See Warnell, 97 F.4th at 1053. In light of the reports from other treatment providers who 

contradicted Bayler’s opinion, we conclude that substantial evidence supports the ALJ’s 

decision to reject it. 

Casten next argues that the ALJ did not provide a logical explanation for finding 

Dr. Gentry’s opinion unpersuasive. According to Casten, the ALJ should not have 

devalued Dr. Gentry’s opinion merely because he used a pre-printed form and 

provided “very little narrative explanation” for his opinion. In her view, the ALJ’s 

reasoning was unfair because the opinions from the state agency physicians, which the 

ALJ found persuasive, were similarly issued on pre-printed forms and contained 

comparable narrative explanations.

Casten’s focus on the nature of the forms, however, ignores the ALJ’s broader 

conclusion that Dr. Gentry’s opinion was inconsistent with his prior examination notes 

that did not mention any gait abnormalities, motor-strength deficits, or range-of-motion 

deficits. We will not disturb an ALJ’s decision to discount a medical opinion that is 

contradicted by medical evidence in the record that the ALJ relied upon. See id. The ALJ 

here appropriately explained that the record evidence consistently contradicted Dr.

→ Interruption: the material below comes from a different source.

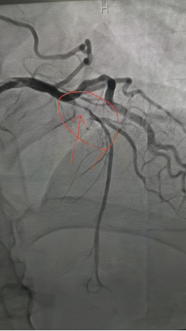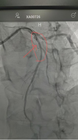 造影显示该患者为近端次全闭塞——几乎堵死了。手术团队精准操作,植入1枚药物球囊后,该患者症状立即缓解。

Gentry’s opinion that Casten could not stand, walk, or sit for more than minutes at a 

time. The ALJ also observed that Dr. Gentry’s opinion about Casten’s severely limited 

ability to use her hands or reach was inconsistent with the medical evidence, which 

showed no abnormalities in her hands or arms on a consistent basis other than 

immediately before and after her surgery in March 2021.